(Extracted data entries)
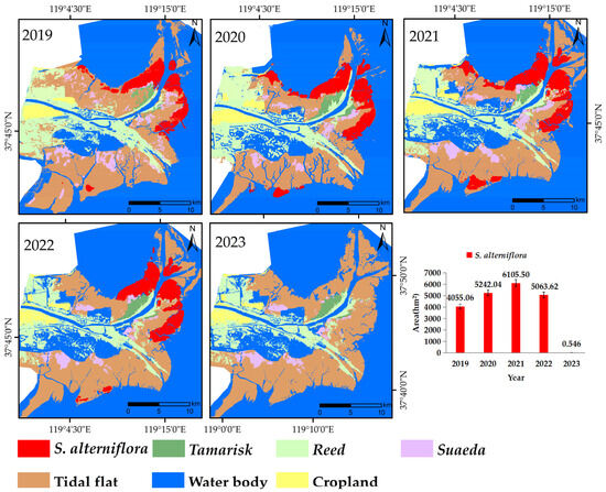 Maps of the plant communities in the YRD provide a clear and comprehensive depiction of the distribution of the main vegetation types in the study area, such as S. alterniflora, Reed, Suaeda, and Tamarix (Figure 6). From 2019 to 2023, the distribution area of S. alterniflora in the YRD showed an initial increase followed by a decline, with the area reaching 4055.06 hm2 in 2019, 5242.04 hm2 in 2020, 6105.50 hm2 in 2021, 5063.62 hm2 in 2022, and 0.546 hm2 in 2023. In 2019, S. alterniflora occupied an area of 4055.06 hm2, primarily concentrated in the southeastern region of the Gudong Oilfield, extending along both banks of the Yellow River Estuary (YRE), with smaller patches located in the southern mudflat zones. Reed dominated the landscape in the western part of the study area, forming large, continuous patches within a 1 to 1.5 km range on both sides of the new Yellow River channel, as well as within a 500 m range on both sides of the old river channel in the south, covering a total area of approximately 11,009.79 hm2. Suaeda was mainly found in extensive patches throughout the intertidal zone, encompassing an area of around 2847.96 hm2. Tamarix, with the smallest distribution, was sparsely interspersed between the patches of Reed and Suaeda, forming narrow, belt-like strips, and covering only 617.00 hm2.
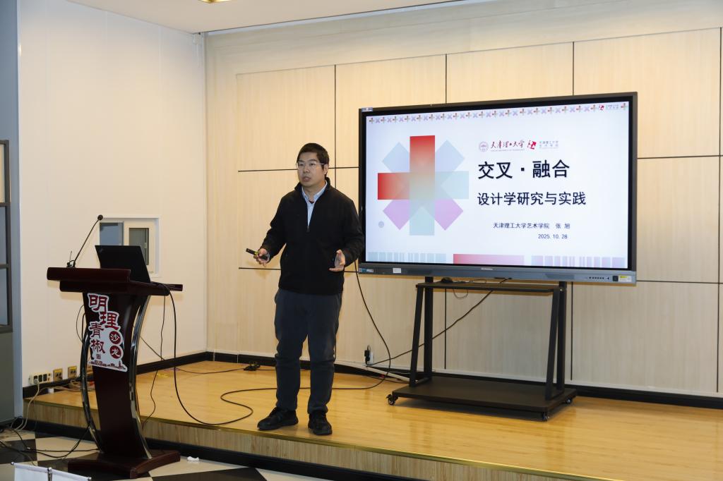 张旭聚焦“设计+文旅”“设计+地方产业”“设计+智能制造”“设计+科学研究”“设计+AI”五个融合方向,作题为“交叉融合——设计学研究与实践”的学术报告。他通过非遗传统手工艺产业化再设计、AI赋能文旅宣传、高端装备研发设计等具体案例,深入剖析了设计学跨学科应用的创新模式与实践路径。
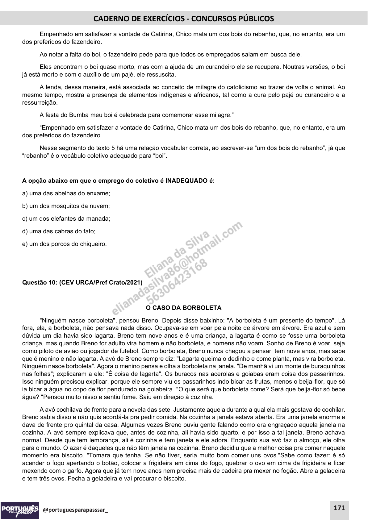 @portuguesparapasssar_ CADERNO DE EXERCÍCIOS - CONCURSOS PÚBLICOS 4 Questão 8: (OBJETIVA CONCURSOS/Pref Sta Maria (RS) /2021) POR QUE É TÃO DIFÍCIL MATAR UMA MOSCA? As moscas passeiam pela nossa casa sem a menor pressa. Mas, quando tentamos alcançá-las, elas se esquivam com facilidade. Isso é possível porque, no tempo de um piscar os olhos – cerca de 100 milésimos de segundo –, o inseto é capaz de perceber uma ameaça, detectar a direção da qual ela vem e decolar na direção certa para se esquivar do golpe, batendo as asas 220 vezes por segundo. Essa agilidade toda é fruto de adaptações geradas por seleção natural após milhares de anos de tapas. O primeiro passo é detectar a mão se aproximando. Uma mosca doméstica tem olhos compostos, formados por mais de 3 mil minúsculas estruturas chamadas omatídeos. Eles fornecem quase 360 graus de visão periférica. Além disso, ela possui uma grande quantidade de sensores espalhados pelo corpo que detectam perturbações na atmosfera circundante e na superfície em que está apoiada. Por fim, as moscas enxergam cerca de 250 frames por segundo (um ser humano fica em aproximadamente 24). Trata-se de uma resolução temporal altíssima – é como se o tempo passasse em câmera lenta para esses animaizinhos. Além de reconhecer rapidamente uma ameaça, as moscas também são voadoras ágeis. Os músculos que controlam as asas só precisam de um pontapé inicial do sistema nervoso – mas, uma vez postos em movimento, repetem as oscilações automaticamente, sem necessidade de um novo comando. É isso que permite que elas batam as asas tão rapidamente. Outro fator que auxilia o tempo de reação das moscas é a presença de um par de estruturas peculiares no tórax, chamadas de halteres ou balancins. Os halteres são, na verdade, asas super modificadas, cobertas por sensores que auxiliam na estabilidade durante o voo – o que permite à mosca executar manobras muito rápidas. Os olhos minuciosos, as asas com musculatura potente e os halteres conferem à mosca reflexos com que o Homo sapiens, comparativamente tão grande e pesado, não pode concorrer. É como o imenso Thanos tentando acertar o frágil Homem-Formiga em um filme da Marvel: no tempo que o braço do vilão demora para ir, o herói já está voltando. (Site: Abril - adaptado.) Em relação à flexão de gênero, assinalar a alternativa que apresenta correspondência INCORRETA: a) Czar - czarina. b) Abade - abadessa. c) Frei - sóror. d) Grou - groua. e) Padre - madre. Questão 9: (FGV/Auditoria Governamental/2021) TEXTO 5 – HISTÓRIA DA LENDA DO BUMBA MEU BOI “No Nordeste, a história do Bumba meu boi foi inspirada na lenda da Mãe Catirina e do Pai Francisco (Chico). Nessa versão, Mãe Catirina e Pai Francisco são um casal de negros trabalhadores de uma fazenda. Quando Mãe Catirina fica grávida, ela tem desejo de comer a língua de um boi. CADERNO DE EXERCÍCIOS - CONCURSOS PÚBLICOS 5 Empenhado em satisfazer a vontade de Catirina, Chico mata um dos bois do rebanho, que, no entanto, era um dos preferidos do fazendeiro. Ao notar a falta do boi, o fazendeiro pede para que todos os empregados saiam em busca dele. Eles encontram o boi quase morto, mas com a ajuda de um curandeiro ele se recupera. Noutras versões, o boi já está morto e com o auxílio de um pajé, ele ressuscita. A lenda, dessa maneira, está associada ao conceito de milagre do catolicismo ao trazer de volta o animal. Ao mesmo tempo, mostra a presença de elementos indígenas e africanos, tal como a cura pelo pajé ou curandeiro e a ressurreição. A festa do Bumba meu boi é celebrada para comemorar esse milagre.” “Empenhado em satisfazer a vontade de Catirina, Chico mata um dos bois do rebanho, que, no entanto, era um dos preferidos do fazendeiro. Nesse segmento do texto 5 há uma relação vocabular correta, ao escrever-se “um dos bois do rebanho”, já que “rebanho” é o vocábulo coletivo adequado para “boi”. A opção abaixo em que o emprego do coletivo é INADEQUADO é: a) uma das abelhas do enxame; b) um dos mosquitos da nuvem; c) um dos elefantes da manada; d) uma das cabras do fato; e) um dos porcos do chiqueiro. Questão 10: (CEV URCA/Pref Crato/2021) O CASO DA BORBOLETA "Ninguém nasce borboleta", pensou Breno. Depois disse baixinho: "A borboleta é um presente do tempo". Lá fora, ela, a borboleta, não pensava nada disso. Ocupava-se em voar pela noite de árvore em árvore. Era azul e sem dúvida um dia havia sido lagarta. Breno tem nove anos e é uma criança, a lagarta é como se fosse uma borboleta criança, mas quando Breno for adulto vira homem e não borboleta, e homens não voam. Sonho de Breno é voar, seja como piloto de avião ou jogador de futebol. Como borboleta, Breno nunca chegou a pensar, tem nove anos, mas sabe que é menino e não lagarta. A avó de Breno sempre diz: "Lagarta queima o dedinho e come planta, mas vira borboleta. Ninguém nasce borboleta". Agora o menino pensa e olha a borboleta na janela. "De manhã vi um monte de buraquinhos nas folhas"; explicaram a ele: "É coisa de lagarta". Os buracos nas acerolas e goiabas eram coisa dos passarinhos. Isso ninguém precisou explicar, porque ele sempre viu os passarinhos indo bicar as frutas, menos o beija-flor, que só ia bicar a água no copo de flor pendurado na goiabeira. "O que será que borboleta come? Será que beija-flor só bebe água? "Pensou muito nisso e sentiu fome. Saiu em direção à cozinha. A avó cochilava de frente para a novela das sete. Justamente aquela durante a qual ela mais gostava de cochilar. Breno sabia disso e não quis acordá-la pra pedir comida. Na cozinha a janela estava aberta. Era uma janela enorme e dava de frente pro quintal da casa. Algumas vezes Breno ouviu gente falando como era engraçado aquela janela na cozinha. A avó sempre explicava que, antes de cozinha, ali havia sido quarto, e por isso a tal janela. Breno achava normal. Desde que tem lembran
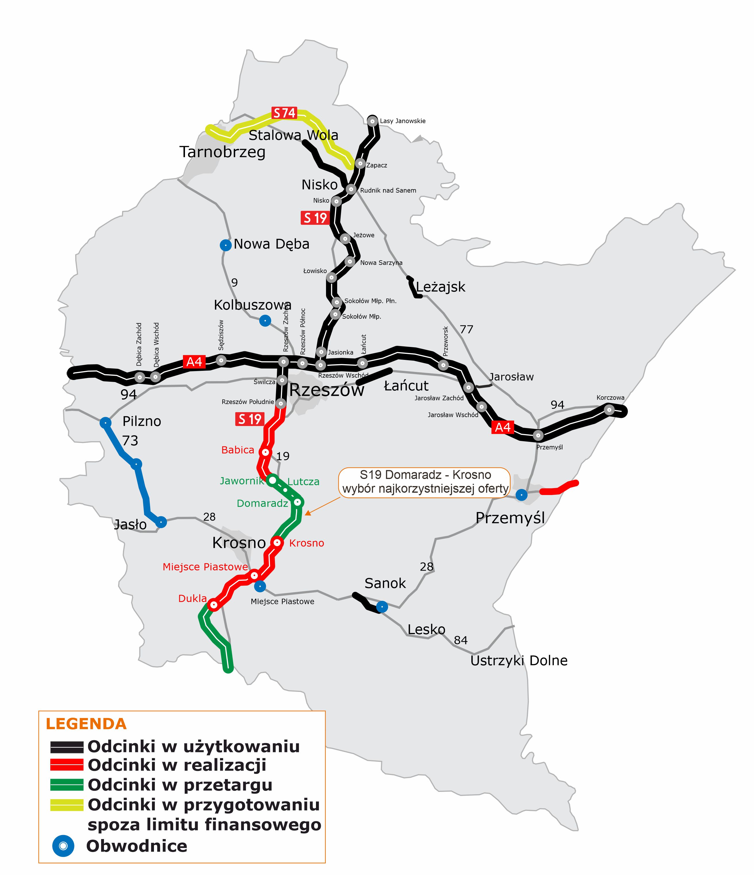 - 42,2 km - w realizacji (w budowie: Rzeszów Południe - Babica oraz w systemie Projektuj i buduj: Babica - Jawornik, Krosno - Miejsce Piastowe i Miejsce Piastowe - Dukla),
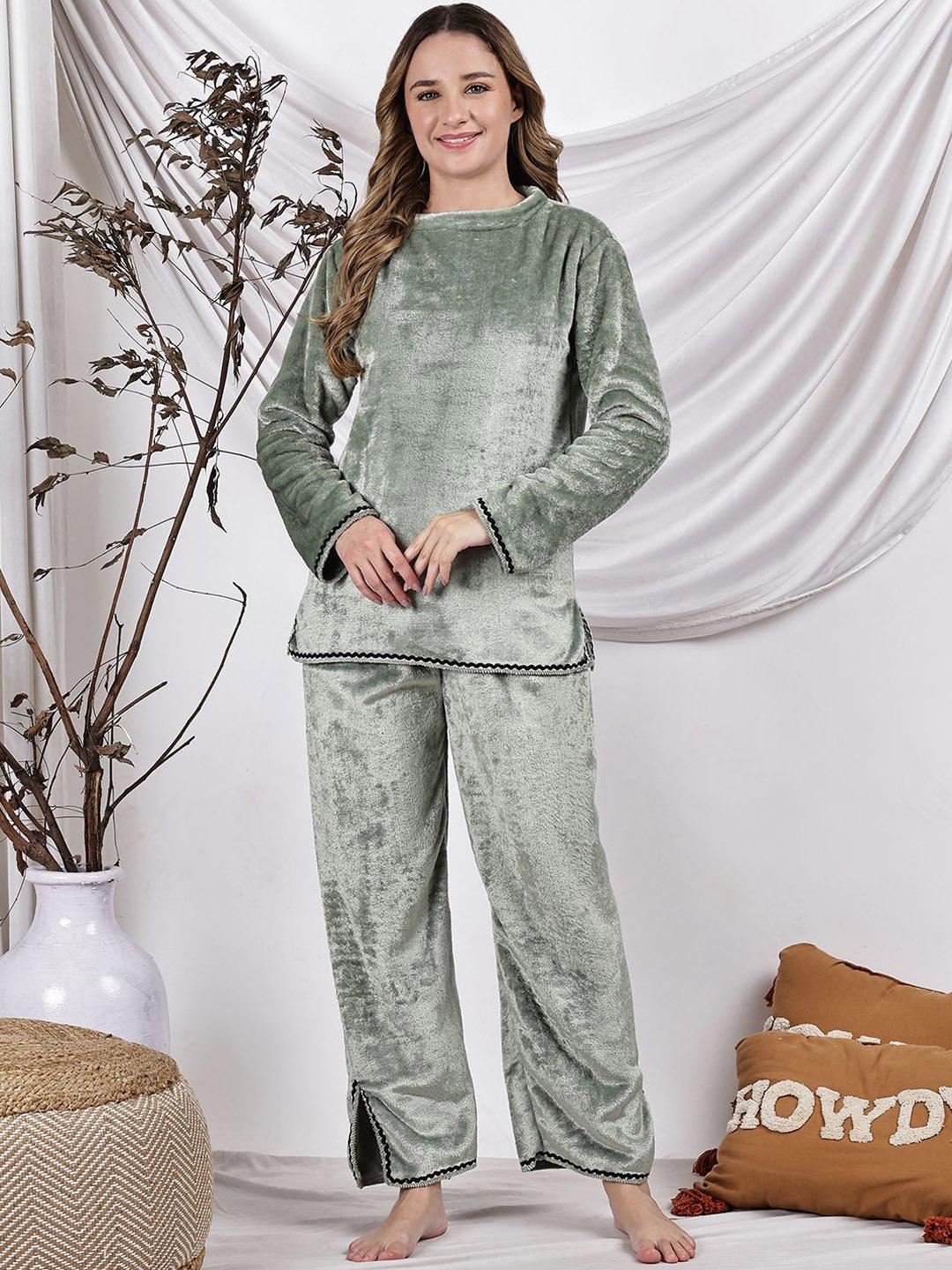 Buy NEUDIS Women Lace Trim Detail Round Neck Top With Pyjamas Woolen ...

## [To do]
Repeat the records word for word. Any picture in them should be left out.

## [Exercise result]
 Maps of the plant communities in the YRD provide a clear and comprehensive depiction of the distribution of the main vegetation types in the study area, such as S. alterniflora, Reed, Suaeda, and Tamarix (Figure 6). From 2019 to 2023, the distribution area of S. alterniflora in the YRD showed an initial increase followed by a decline, with the area reaching 4055.06 hm2 in 2019, 5242.04 hm2 in 2020, 6105.50 hm2 in 2021, 5063.62 hm2 in 2022, and 0.546 hm2 in 2023. In 2019, S. alterniflora occupied an area of 4055.06 hm2, primarily concentrated in the southeastern region of the Gudong Oilfield, extending along both banks of the Yellow River Estuary (YRE), with smaller patches located in the southern mudflat zones. Reed dominated the landscape in the western part of the study area, forming large, continuous patches within a 1 to 1.5 km range on both sides of the new Yellow River channel, as well as within a 500 m range on both sides of the old river channel in the south, covering a total area of approximately 11,009.79 hm2. Suaeda was mainly found in extensive patches throughout the intertidal zone, encompassing an area of around 2847.96 hm2. Tamarix, with the smallest distribution, was sparsely interspersed between the patches of Reed and Suaeda, forming narrow, belt-like strips, and covering only 617.00 hm2.
 张旭聚焦“设计+文旅”“设计+地方产业”“设计+智能制造”“设计+科学研究”“设计+AI”五个融合方向,作题为“交叉融合——设计学研究与实践”的学术报告。他通过非遗传统手工艺产业化再设计、AI赋能文旅宣传、高端装备研发设计等具体案例,深入剖析了设计学跨学科应用的创新模式与实践路径。
 @portuguesparapasssar_ CADERNO DE EXERCÍCIOS - CONCURSOS PÚBLICOS 4 Questão 8: (OBJETIVA CONCURSOS/Pref Sta Maria (RS) /2021) POR QUE É TÃO DIFÍCIL MATAR UMA MOSCA? As moscas passeiam pela nossa casa sem a menor pressa. Mas, quando tentamos alcançá-las, elas se esquivam com facilidade. Isso é possível porque, no tempo de um piscar os olhos – cerca de 100 milésimos de segundo –, o inseto é capaz de perceber uma ameaça, detectar a direção da qual ela vem e decolar na direção certa para se esquivar do golpe, batendo as asas 220 vezes por segundo. Essa agilidade toda é fruto de adaptações geradas por seleção natural após milhares de anos de tapas. O primeiro passo é detectar a mão se aproximando. Uma mosca doméstica tem olhos compostos, formados por mais de 3 mil minúsculas estruturas chamadas omatídeos. Eles fornecem quase 360 graus de visão periférica. Além disso, ela possui uma grande quantidade de sensores espalhados pelo corpo que detectam perturbações na atmosfera circundante e na superfície em que está apoiada. Por fim, as moscas enxergam cerca de 250 frames por segundo (um ser humano fica em aproximadamente 24). Trata-se de uma resolução temporal altíssima – é como se o tempo passasse em câmera lenta para esses animaizinhos. Além de reconhecer rapidamente uma ameaça, as moscas também são voadoras ágeis. Os músculos que controlam as asas só precisam de um pontapé inicial do sistema nervoso – mas, uma vez postos em movimento, repetem as oscilações automaticamente, sem necessidade de um novo comando. É isso que permite que elas batam as asas tão rapidamente. Outro fator que auxilia o tempo de reação das moscas é a presença de um par de estruturas peculiares no tórax, chamadas de halteres ou balancins. Os halteres são, na verdade, asas super modificadas, cobertas por sensores que auxiliam na estabilidade durante o voo – o que permite à mosca executar manobras muito rápidas. Os olhos minuciosos, as asas com musculatura potente e os halteres conferem à mosca reflexos com que o Homo sapiens, comparativamente tão grande e pesado, não pode concorrer. É como o imenso Thanos tentando acertar o frágil Homem-Formiga em um filme da Marvel: no tempo que o braço do vilão demora para ir, o herói já está voltando. (Site: Abril - adaptado.) Em relação à flexão de gênero, assinalar a alternativa que apresenta correspondência INCORRETA: a) Czar - czarina. b) Abade - abadessa. c) Frei - sóror. d) Grou - groua. e) Padre - madre. Questão 9: (FGV/Auditoria Governamental/2021) TEXTO 5 – HISTÓRIA DA LENDA DO BUMBA MEU BOI “No Nordeste, a história do Bumba meu boi foi inspirada na lenda da Mãe Catirina e do Pai Francisco (Chico). Nessa versão, Mãe Catirina e Pai Francisco são um casal de negros trabalhadores de uma fazenda. Quando Mãe Catirina fica grávida, ela tem desejo de comer a língua de um boi. CADERNO DE EXERCÍCIOS - CONCURSOS PÚBLICOS 5 Empenhado em satisfazer a vontade de Catirina, Chico mata um dos bois do rebanho, que, no entanto, era um dos preferidos do fazendeiro. Ao notar a falta do boi, o fazendeiro pede para que todos os empregados saiam em busca dele. Eles encontram o boi quase morto, mas com a ajuda de um curandeiro ele se recupera. Noutras versões, o boi já está morto e com o auxílio de um pajé, ele ressuscita. A lenda, dessa maneira, está associada ao conceito de milagre do catolicismo ao trazer de volta o animal. Ao mesmo tempo, mostra a presença de elementos indígenas e africanos, tal como a cura pelo pajé ou curandeiro e a ressurreição. A festa do Bumba meu boi é celebrada para comemorar esse milagre.” “Empenhado em satisfazer a vontade de Catirina, Chico mata um dos bois do rebanho, que, no entanto, era um dos preferidos do fazendeiro. Nesse segmento do texto 5 há uma relação vocabular correta, ao escrever-se “um dos bois do rebanho”, já que “rebanho” é o vocábulo coletivo adequado para “boi”. A opção abaixo em que o emprego do coletivo é INADEQUADO é: a) uma das abelhas do enxame; b) um dos mosquitos da nuvem; c) um dos elefantes da manada; d) uma das cabras do fato; e) um dos porcos do chiqueiro. Questão 10: (CEV URCA/Pref Crato/2021) O CASO DA BORBOLETA "Ninguém nasce borboleta", pensou Breno. Depois disse baixinho: "A borboleta é um presente do tempo". Lá fora, ela, a borboleta, não pensava nada disso. Ocupava-se em voar pela noite de árvore em árvore. Era azul e sem dúvida um dia havia sido lagarta. Breno tem nove anos e é uma criança, a lagarta é como se fosse uma borboleta criança, mas quando Breno for adulto vira homem e não borboleta, e homens não voam. Sonho de Breno é voar, seja como piloto de avião ou jogador de futebol. Como borboleta, Breno nunca chegou a pensar, tem nove anos, mas sabe que é menino e não lagarta. A avó de Breno sempre diz: "Lagarta queima o dedinho e come planta, mas vira borboleta. Ninguém nasce borboleta". Agora o menino pensa e olha a borboleta na janela. "De manhã vi um monte de buraquinhos nas folhas"; explicaram a ele: "É coisa de lagarta". Os buracos nas acerolas e goiabas eram coisa dos passarinhos. Isso ninguém precisou explicar, porque ele sempre viu os passarinhos indo bicar as frutas, menos o beija-flor, que só ia bicar a água no copo de flor pendurado na goiabeira. "O que será que borboleta come? Será que beija-flor só bebe água? "Pensou muito nisso e sentiu fome. Saiu em direção à cozinha. A avó cochilava de frente para a novela das sete. Justamente aquela durante a qual ela mais gostava de cochilar. Breno sabia disso e não quis acordá-la pra pedir comida. Na cozinha a janela estava aberta. Era uma janela enorme e dava de frente pro quintal da casa. Algumas vezes Breno ouviu gente falando como era engraçado aquela janela na cozinha. A avó sempre explicava que, antes de cozinha, ali havia sido quarto, e por isso a tal janela. Breno achava normal. Desde que tem lembran
 - 42,2 km - w realizacji (w budowie: Rzeszów Południe - Babica oraz w systemie Projektuj i buduj: Babica - Jawornik, Krosno - Miejsce Piastowe i Miejsce Piastowe - Dukla),
 Buy NEUDIS Women Lace Trim Detail Round Neck Top With Pyjamas Woolen ...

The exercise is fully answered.